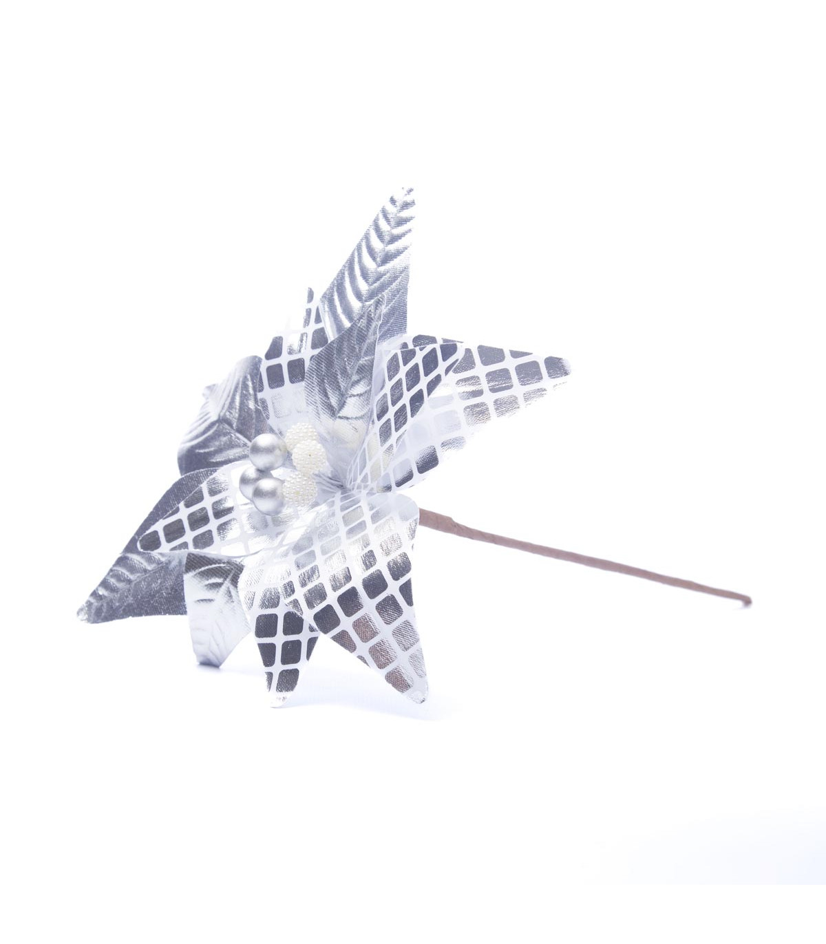 Un adorno con forma de flor de Estrella Federal de 23 cm de diámetro hecho en tela poliéster, plástico y alambre para decorar el árbol de Navidad.
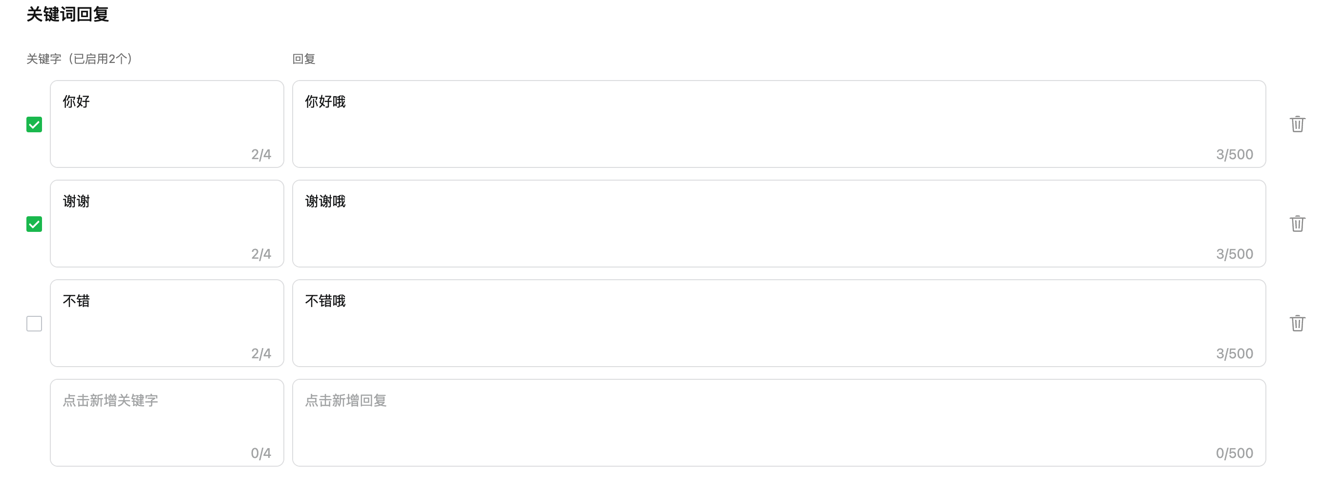 - 关键词回复:至多5组问答知识库,当用户发送的消息命中关键词,客服自动下发回复消息,支持勾选生效,客服在线离线均生效。支持客服管理员配置。
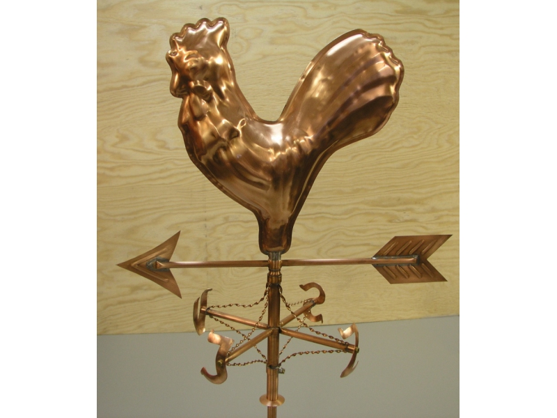 Celková výška, měřeno od hřebene střechy je 70 cm. Kohout se dle větru otáčí na pevném podstavci, který si usadíte dle světových stran.
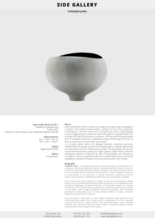 Vase Model "Birth of Life I" marks a new stage in Hyeokjin Jung’s investigation of growth and material transformation, shifting the focus from expansion to emergence. The form rises from a compact base into a softly swelling volume, suggesting the moment in which life begins to separate itself from its origin and acquire autonomous presence. The vase-like silhouette evokes both a biological vessel and a gestational body, reinforcing the theme of birth as a process of containment and release.
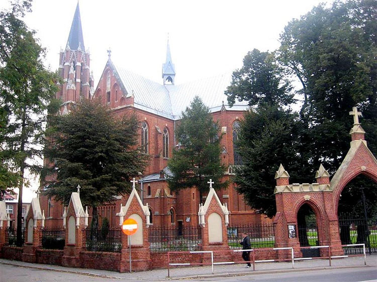 Na początku 1856r.,obok istniejącego drewnianego kościółka, rozpoczęto budowę nowego, w stylu neogotyckim, na kształcie krzyża. Jesienią 1860r.odbyły się tu pierwsze nabożeństwa. Kościół przetrwał w 1945r. bombardowanie, które dokonało znacznych zniszczeń w budowli. Po bombardowaniu uległ spaleniu, na szczęście wiele cennych detali zachowało się do dziś, m.in. witraże wykonane w monachijskiej firmie Mayer.
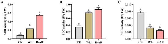 The enzyme activities of POD, SOD, CAT, APX, MDHAR, succinate dehydrogenase (SDH), alcohol dehydrogenase (ADH) and pyruvate decarboxylase (PDC) were measured using corresponding commercial detection kits (Solarbio, Beijing, China). Following the manufacturers’ instructions, approximately 0.1 g of root samples from each treatment were pulverized in liquid nitrogen and immediately homogenized in the extraction solutions. The activity of POD was assessed by measuring the increase in absorbance at 470 nm due to the oxidation of guaiacol [23]. SOD activity was determined by evaluating its inhibition of superoxide radicals at 450 nm [24]. CAT activity was evaluated by monitoring the breakdown of H2O2 at 240 nm over a duration of 1 min [25]. APX catalyzes the oxidation of AsA by H2O2, and its activity was calculated by measuring the oxidation rate of AsA at 290 nm [26]. MDHAR activity was determined by quantifying the rate of absorbance decline at 340 nm [22]. SDH activity was represented by changes in absorbance at 600 nm [27]. The activities of ADH and PDC were monitored by detecting the oxidation of NADH, reflected by a decrease in absorbance at 340 nm [21,28].
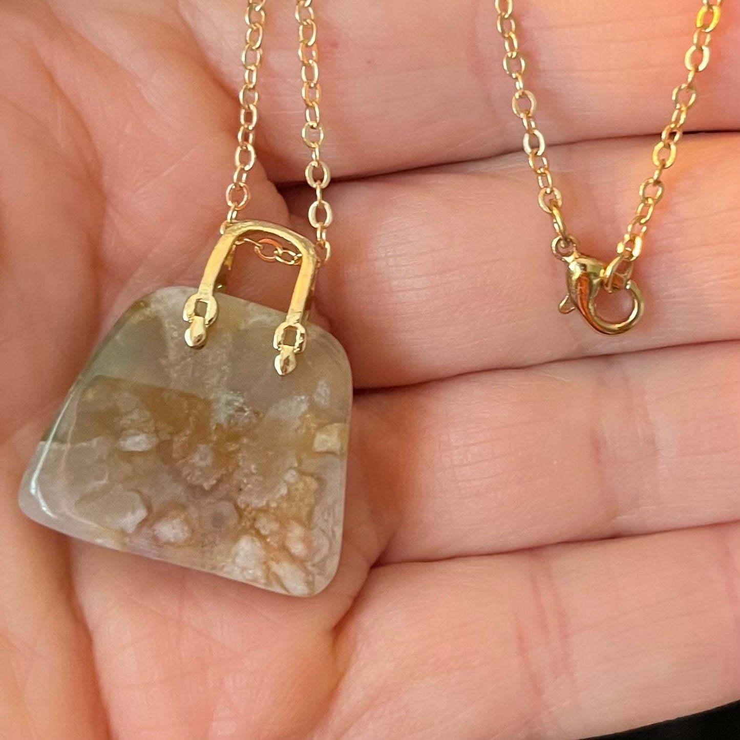 Flower Agate Handbag Necklace NCK-2707

*-*-*

**Problem**
Your answer must be an exact copy of every entry, with the pictures left out.

**Task output**
 Un adorno con forma de flor de Estrella Federal de 23 cm de diámetro hecho en tela poliéster, plástico y alambre para decorar el árbol de Navidad.
 - 关键词回复:至多5组问答知识库,当用户发送的消息命中关键词,客服自动下发回复消息,支持勾选生效,客服在线离线均生效。支持客服管理员配置。
 Celková výška, měřeno od hřebene střechy je 70 cm. Kohout se dle větru otáčí na pevném podstavci, který si usadíte dle světových stran.
 Vase Model "Birth of Life I" marks a new stage in Hyeokjin Jung’s investigation of growth and material transformation, shifting the focus from expansion to emergence. The form rises from a compact base into a softly swelling volume, suggesting the moment in which life begins to separate itself from its origin and acquire autonomous presence. The vase-like silhouette evokes both a biological vessel and a gestational body, reinforcing the theme of birth as a process of containment and release.
 Na początku 1856r.,obok istniejącego drewnianego kościółka, rozpoczęto budowę nowego, w stylu neogotyckim, na kształcie krzyża. Jesienią 1860r.odbyły się tu pierwsze nabożeństwa. Kościół przetrwał w 1945r. bombardowanie, które dokonało znacznych zniszczeń w budowli. Po bombardowaniu uległ spaleniu, na szczęście wiele cennych detali zachowało się do dziś, m.in. witraże wykonane w monachijskiej firmie Mayer.
 The enzyme activities of POD, SOD, CAT, APX, MDHAR, succinate dehydrogenase (SDH), alcohol dehydrogenase (ADH) and pyruvate decarboxylase (PDC) were measured using corresponding commercial detection kits (Solarbio, Beijing, China). Following the manufacturers’ instructions, approximately 0.1 g of root samples from each treatment were pulverized in liquid nitrogen and immediately homogenized in the extraction solutions. The activity of POD was assessed by measuring the increase in absorbance at 470 nm due to the oxidation of guaiacol [23]. SOD activity was determined by evaluating its inhibition of superoxide radicals at 450 nm [24]. CAT activity was evaluated by monitoring the breakdown of H2O2 at 240 nm over a duration of 1 min [25]. APX catalyzes the oxidation of AsA by H2O2, and its activity was calculated by measuring the oxidation rate of AsA at 290 nm [26]. MDHAR activity was determined by quantifying the rate of absorbance decline at 340 nm [22]. SDH activity was represented by changes in absorbance at 600 nm [27]. The activities of ADH and PDC were monitored by detecting the oxidation of NADH, reflected by a decrease in absorbance at 340 nm [21,28].
 Flower Agate Handbag Necklace NCK-2707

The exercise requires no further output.